Entries taken from a collection

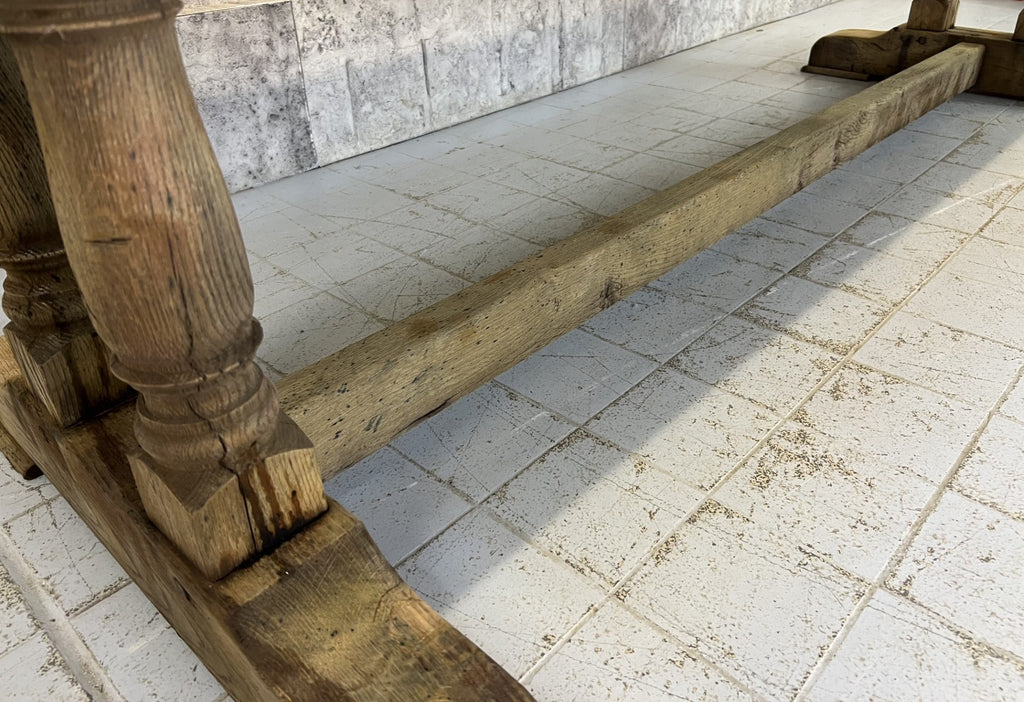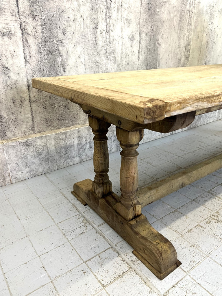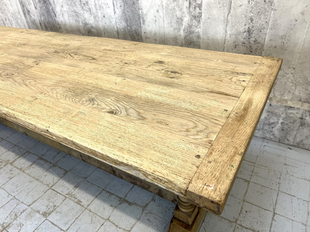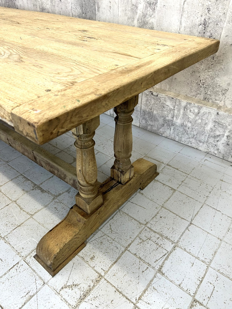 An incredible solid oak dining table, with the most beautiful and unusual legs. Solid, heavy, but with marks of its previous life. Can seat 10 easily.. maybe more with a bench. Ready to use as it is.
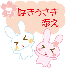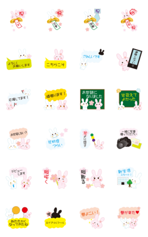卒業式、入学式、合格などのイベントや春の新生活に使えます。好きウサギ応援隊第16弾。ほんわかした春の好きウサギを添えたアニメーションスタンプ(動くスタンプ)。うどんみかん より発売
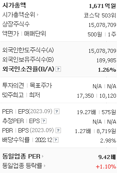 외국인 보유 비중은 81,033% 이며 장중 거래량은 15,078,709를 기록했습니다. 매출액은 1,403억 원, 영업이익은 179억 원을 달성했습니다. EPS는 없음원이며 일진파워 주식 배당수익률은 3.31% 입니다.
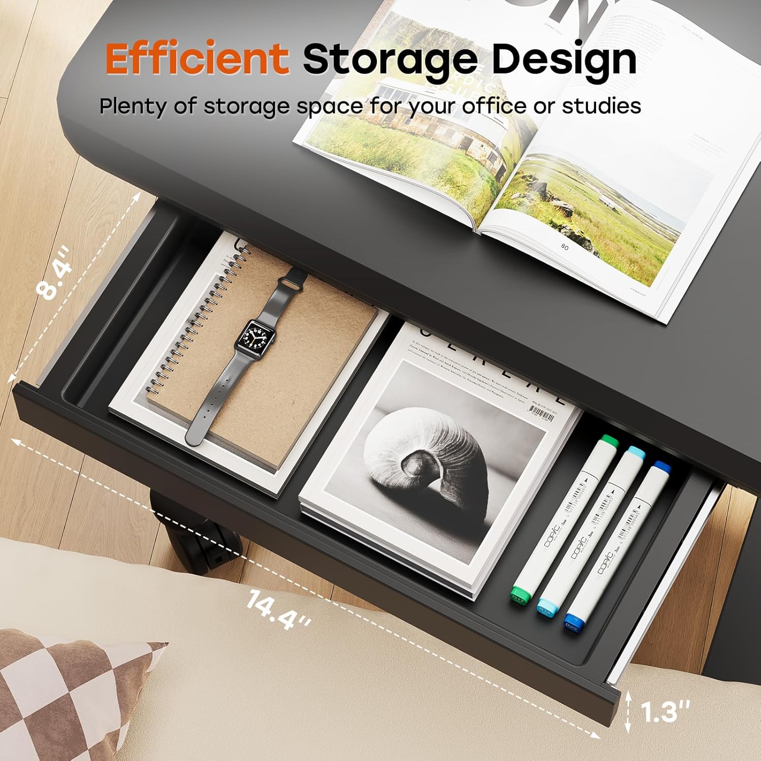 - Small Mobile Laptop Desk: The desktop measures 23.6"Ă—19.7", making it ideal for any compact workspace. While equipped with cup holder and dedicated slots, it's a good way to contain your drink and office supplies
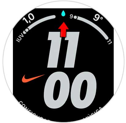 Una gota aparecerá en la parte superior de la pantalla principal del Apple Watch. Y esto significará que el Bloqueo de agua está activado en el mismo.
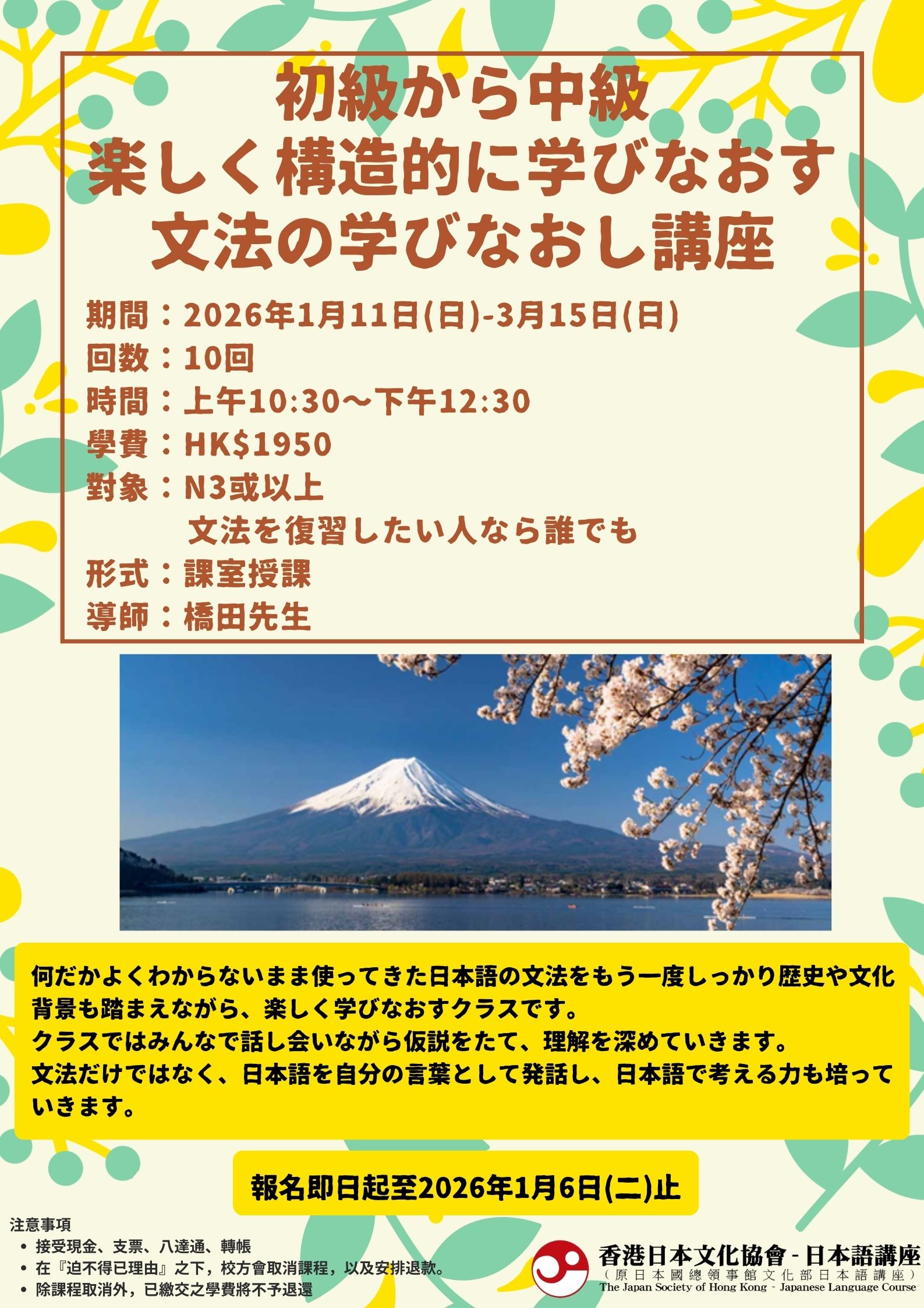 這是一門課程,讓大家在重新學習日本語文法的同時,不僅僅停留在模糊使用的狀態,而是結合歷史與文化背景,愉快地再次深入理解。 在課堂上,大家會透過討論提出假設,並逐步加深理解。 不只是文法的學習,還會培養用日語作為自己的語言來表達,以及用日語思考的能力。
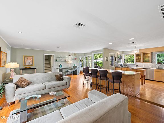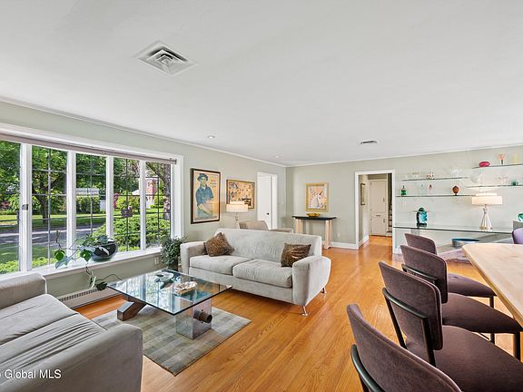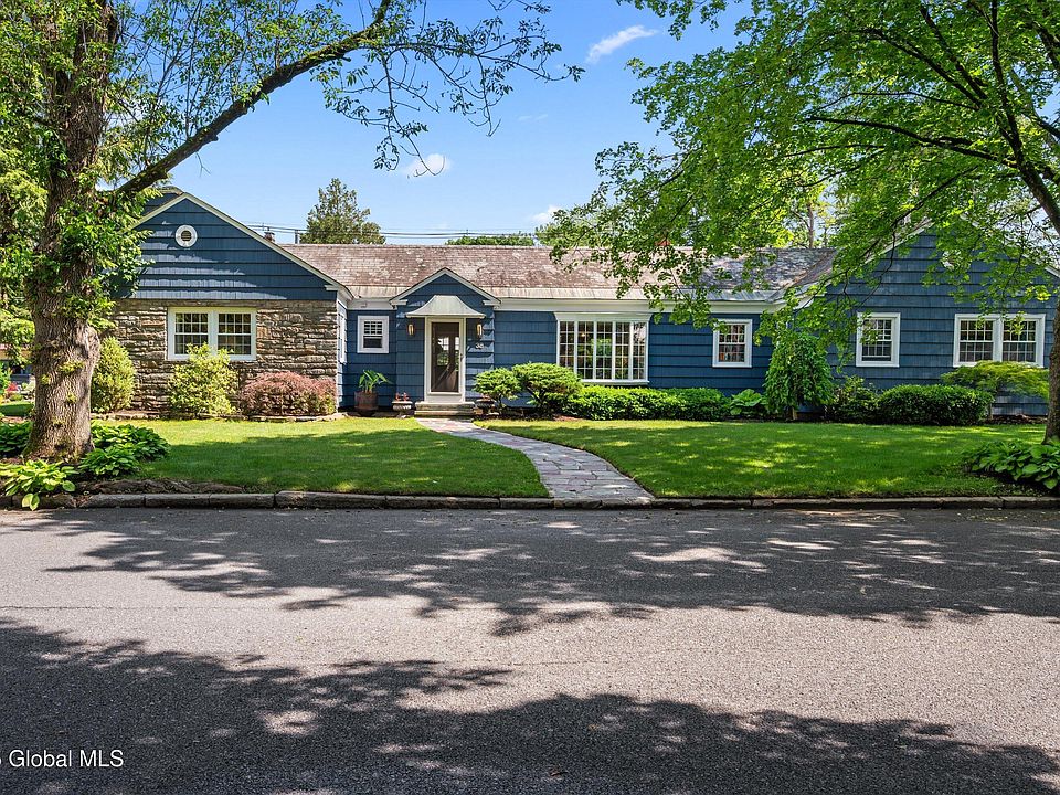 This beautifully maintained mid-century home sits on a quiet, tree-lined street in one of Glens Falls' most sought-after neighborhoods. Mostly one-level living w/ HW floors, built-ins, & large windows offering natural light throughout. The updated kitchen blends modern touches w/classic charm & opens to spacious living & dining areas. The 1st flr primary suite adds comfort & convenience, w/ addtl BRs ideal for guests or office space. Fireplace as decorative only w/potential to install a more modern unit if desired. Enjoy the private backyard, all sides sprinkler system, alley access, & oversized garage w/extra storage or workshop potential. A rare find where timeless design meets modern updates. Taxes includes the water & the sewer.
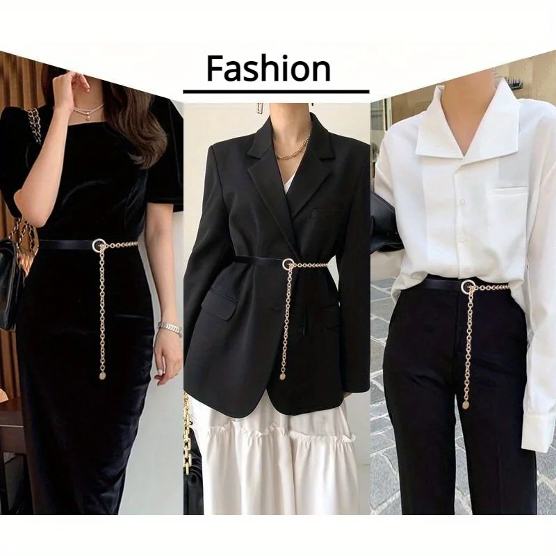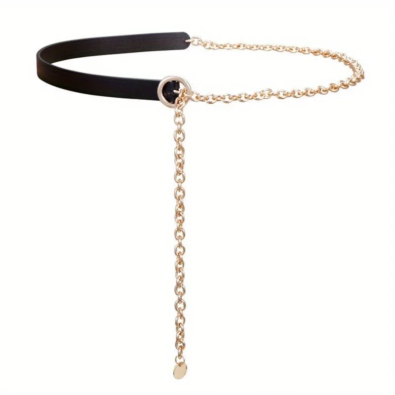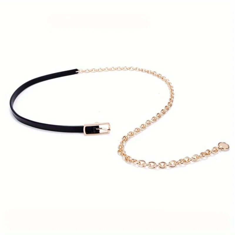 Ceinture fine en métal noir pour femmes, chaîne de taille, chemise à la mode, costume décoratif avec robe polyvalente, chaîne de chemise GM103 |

How to complete this task
From the opening line of the entries above to the line that holds "Una gota aparecerá", inclusive, reproduce each line exactly and omit any picture.

Exercise answer
 An incredible solid oak dining table, with the most beautiful and unusual legs. Solid, heavy, but with marks of its previous life. Can seat 10 easily.. maybe more with a bench. Ready to use as it is.
卒業式、入学式、合格などのイベントや春の新生活に使えます。好きウサギ応援隊第16弾。ほんわかした春の好きウサギを添えたアニメーションスタンプ(動くスタンプ)。うどんみかん より発売
 외국인 보유 비중은 81,033% 이며 장중 거래량은 15,078,709를 기록했습니다. 매출액은 1,403억 원, 영업이익은 179억 원을 달성했습니다. EPS는 없음원이며 일진파워 주식 배당수익률은 3.31% 입니다.
 - Small Mobile Laptop Desk: The desktop measures 23.6"Ă—19.7", making it ideal for any compact workspace. While equipped with cup holder and dedicated slots, it's a good way to contain your drink and office supplies
 Una gota aparecerá en la parte superior de la pantalla principal del Apple Watch. Y esto significará que el Bloqueo de agua está activado en el mismo.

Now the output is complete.